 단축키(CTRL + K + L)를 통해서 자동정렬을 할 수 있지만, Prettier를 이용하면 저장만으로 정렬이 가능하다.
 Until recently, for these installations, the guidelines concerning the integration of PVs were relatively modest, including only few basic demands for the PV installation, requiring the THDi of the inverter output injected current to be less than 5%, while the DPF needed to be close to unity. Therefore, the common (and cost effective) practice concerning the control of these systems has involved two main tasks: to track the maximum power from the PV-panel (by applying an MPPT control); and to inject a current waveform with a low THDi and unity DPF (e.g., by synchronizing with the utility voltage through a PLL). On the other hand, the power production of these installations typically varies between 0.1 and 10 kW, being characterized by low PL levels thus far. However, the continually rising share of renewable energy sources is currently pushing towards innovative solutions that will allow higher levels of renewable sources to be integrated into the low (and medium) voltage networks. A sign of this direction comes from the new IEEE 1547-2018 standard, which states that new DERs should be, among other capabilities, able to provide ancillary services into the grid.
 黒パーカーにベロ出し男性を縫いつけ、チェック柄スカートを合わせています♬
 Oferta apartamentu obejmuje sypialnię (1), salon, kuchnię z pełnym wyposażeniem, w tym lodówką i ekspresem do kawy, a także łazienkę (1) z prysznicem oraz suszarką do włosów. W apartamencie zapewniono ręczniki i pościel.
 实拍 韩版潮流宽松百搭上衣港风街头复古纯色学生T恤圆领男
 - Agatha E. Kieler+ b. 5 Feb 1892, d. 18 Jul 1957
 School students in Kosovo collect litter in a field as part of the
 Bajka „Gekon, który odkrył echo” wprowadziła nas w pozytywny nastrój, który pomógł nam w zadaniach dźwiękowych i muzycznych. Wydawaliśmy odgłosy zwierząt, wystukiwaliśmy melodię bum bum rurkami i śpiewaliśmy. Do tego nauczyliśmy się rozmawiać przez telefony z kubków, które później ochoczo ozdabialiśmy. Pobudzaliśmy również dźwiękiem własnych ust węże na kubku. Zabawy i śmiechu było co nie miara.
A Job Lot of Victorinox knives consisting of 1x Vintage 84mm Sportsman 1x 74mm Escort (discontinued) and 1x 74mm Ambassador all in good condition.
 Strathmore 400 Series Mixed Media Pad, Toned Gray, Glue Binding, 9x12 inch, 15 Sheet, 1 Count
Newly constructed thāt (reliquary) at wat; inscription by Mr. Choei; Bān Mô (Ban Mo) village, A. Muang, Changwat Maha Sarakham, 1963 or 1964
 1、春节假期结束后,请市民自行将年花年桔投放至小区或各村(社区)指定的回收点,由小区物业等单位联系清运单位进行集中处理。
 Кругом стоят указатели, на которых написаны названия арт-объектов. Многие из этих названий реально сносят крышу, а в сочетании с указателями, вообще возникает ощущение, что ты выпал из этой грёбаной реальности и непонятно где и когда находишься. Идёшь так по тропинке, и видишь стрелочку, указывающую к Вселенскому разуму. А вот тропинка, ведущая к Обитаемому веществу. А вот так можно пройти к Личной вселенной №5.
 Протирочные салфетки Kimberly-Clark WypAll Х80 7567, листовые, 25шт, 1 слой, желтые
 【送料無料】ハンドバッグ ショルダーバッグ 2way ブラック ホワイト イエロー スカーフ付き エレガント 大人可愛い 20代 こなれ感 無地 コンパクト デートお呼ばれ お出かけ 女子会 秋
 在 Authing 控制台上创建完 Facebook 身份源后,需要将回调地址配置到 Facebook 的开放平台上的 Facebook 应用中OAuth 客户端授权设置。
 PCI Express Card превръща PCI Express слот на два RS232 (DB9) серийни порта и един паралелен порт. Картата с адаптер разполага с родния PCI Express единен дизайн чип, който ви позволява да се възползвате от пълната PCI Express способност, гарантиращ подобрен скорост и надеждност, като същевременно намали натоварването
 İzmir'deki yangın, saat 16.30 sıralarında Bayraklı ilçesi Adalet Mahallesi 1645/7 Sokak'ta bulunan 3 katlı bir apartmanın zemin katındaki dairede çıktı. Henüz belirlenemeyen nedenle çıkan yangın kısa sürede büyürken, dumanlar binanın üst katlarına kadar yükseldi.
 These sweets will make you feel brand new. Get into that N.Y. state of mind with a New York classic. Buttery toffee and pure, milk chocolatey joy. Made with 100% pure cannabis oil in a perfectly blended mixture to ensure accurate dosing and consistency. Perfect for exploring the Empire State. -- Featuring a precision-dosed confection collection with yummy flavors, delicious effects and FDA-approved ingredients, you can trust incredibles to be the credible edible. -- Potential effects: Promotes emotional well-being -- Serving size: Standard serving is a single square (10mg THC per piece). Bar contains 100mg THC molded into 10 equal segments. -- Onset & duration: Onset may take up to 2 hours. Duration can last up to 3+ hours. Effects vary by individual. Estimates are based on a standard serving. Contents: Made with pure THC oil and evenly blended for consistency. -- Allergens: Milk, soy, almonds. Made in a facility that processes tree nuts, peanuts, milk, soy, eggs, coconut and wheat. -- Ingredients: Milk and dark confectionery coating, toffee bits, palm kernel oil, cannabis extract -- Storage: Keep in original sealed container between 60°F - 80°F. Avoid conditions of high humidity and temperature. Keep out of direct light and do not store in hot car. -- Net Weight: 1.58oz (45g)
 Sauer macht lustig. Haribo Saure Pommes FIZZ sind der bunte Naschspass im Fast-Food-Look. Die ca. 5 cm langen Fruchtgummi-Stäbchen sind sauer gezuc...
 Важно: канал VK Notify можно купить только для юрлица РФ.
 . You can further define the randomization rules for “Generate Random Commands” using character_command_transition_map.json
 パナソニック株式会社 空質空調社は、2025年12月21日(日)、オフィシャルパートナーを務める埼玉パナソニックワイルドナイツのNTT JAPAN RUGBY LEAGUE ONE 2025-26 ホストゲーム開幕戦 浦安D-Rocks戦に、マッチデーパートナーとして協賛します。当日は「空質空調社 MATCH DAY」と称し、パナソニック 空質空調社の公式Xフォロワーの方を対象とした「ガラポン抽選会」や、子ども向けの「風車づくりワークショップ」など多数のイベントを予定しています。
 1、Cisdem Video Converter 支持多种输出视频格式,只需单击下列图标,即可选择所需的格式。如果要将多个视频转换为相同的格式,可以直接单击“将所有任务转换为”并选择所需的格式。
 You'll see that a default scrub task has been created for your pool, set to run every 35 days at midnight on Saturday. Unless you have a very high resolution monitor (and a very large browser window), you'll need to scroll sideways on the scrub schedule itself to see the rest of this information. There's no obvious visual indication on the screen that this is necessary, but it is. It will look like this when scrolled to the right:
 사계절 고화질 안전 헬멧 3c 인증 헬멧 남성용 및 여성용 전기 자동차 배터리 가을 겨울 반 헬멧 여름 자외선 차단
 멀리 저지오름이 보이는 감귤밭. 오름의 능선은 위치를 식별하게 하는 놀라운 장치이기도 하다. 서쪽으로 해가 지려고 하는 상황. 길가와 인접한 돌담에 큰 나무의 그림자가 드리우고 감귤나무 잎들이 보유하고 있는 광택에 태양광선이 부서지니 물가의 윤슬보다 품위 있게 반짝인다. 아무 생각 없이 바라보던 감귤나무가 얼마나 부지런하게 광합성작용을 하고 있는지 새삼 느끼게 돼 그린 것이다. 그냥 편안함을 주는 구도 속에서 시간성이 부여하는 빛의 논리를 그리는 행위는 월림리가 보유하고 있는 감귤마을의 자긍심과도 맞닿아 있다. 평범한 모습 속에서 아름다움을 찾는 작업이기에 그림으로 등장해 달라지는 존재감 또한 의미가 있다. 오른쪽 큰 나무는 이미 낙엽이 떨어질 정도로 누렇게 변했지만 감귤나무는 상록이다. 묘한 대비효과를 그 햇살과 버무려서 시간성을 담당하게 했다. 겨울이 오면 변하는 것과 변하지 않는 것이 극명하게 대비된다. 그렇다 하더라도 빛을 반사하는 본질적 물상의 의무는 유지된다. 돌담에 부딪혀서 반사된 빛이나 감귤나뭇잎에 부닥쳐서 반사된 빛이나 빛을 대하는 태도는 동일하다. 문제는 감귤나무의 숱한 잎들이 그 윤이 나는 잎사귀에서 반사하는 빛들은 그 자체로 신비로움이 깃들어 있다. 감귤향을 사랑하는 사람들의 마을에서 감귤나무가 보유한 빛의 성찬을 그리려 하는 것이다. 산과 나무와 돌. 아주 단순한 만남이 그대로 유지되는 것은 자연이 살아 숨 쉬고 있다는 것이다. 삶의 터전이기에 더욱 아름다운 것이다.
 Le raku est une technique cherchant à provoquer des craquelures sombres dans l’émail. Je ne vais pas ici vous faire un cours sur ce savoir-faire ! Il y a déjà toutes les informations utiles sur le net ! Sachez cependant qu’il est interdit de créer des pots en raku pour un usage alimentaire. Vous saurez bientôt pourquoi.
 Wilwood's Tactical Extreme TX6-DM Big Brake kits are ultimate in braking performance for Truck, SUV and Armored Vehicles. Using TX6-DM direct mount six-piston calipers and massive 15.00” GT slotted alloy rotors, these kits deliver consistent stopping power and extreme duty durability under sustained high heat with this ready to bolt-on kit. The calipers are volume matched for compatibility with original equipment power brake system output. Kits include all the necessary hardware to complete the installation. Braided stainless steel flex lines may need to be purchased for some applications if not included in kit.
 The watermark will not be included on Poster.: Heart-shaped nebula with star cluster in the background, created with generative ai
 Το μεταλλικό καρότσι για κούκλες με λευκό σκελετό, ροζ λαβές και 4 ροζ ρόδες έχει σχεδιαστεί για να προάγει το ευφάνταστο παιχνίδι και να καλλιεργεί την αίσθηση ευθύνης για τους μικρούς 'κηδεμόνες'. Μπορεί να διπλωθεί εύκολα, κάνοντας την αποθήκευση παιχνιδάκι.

• **How to complete this task**
Each line above from the one with "在 Authing 控制台上创建完" up to and including the one with "İzmir'deki yangın, saat" must be set down exactly, and no line outside that span may appear.

• **Result below**
 在 Authing 控制台上创建完 Facebook 身份源后,需要将回调地址配置到 Facebook 的开放平台上的 Facebook 应用中OAuth 客户端授权设置。
 PCI Express Card превръща PCI Express слот на два RS232 (DB9) серийни порта и един паралелен порт. Картата с адаптер разполага с родния PCI Express единен дизайн чип, който ви позволява да се възползвате от пълната PCI Express способност, гарантиращ подобрен скорост и надеждност, като същевременно намали натоварването
 İzmir'deki yangın, saat 16.30 sıralarında Bayraklı ilçesi Adalet Mahallesi 1645/7 Sokak'ta bulunan 3 katlı bir apartmanın zemin katındaki dairede çıktı. Henüz belirlenemeyen nedenle çıkan yangın kısa sürede büyürken, dumanlar binanın üst katlarına kadar yükseldi.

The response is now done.